American author (1938–1998)

Kerry Wendell Thornley (April 17, 1938 – November 28, 1998) was an American author. He is known as the co-founder (along with childhood friend Greg Hill) of Discordianism, in which context he is usually known as Omar Khayyam Ravenhurst or simply Lord Omar. He and Hill authored the religion's text Principia Discordia, Or, How I Found Goddess, and What I Did to Her When I Found Her. Thornley also was known for his 1962 manuscript The Idle Warriors, which was inspired by the activities of his acquaintance Lee Harvey Oswald before the 1963 assassination of John F. Kennedy.

Thornley was highly active in the countercultural publishing scene, writing for a number of underground magazines and newspapers, and self-publishing many one-page (or broadsheet) newsletters of his own. One such newsletter called Zenarchy was published in the 1960s under the pen name Ho Chi Zen. Zenarchy is described in the introduction of the collected volume as "the social order which springs from meditation", and "A noncombative, nonparticipatory, no-politics approach to anarchy intended to get the serious student thinking."

Raised Mormon, in adulthood Kerry shifted his ideological focus frequently, in rivalry with any serious countercultural figure of the 1960s. Among the subjects he closely scrutinized throughout his life were atheism, anarchism, Objectivism, autarchism (he attended Robert LeFevre's Freedom School), neo-paganism, Kerista, Buddhism, and the memetic inheritor of Discordianism, the Church of the SubGenius.

==Personal life==
Kerry Wendell Thornley was born on April 17, 1938, in Los Angeles to Kenneth and Helen Thornley. He had two younger brothers, Dick and Tom.

Thornley attended California High School in Whittier, California.

On Saturday, December 11, 1965, Kerry married Cara Leach at Wayfarers Chapel in Palos Verdes, California. They had one son, Kreg Thornley, born in 1969. They later divorced. Kreg was a photographer, painter, musician and film maker.

==Military life==
Having already been a reservist in the U.S. Marine Corps for about two years, Thornley had been summoned to active duty in 1958 at age 20, soon after completing his freshman year at the University of Southern California. According to Principia Discordia, it was around this time that he and Greg Hill—alias Malaclypse the Younger or Mal-2—shared their first Eristic vision in a bowling alley in their hometown of Whittier, California.
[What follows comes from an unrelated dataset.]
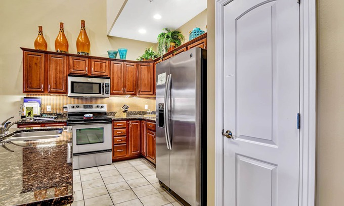 The living room has a comfortable couch and two chairs, perfect for gathering around for movie night. The kitchen is fully-stocked with everything you need for cooking and entertaining. We provide all the necessary cookware, dishes, and utensils, so you can whip up tasty meals for the whole family.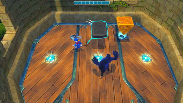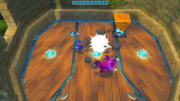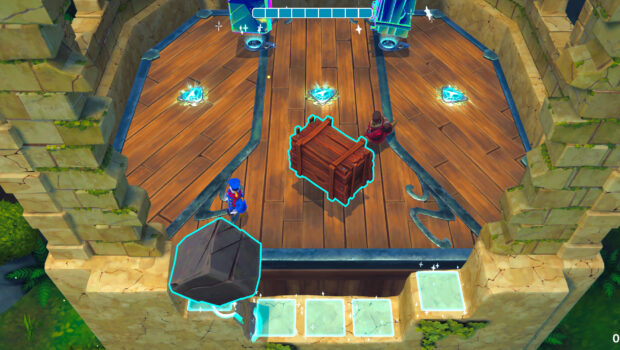 Periodically, enemies appear on the tower and must be dealt with before they destroy the heart-shaped light cores, the magical devices fueling our generators. The enemies can be picked up and thrown off the tower, but the blocks can also serve as improvised weapons against them. With the blocks, players can damage and stun the enemies, making them easier to throw off the tower or bringing them closer to destruction. Their magic staff can also be used as a low-damaging weapon to hit enemies. The enemies appear in waves, akin to a Tower Defense, and become progressively more numerous and dangerous. The players will face various types of enemies boasting different capabilities and even special powers in some cases.

In early 1959, Thornley served for a short time in the same radar operator unit as Lee Harvey Oswald at MCAS El Toro in Santa Ana, California. Thornley claimed they shared a common interest in society, culture, literature and politics, and whenever duty placed them together, had discussed such topics as George Orwell's famous novel Nineteen Eighty-Four and the philosophy of Marxism, particularly Oswald's interest in the latter.

While aboard a troopship returning to the United States from duty in Japan (some time after the two men parted ways as a result of routine reassignment), Thornley read of Oswald's autumn 1959 defection to the Soviet Union in the U.S. military newspaper Stars and Stripes.

==1960s==

Thornley circa 1970

In February 1962, Thornley completed The Idle Warriors, which has the historical distinction of being the only book written about Lee Harvey Oswald before Kennedy's assassination in 1963. Due to the serendipitous nature of Thornley's choice of literary subject matter, he was called to testify before the Warren Commission in Washington, D.C., on May 18, 1964. The Commission subpoenaed a copy of the manuscript and stored it in the National Archives, and the book remained unpublished until 1991. In 1965, Thornley published another book titled Oswald, generally defending the "Oswald-as-lone-assassin" conclusion of the Warren Commission.

In January 1968, New Orleans district attorney Jim Garrison, certain there had been a New Orleans–based conspiracy to assassinate John F. Kennedy, subpoenaed Thornley to appear before a grand jury, questioning him about his relationship with Oswald and his knowledge of other figures Garrison believed to be connected to the assassination. Thornley sought a cancellation of this subpoena on which he had to appear before the Circuit Court. Garrison charged Thornley with perjury after Thornley denied that he had been in contact with Oswald in any manner since 1959. The perjury charge was eventually dropped by Garrison's successor Harry Connick Sr.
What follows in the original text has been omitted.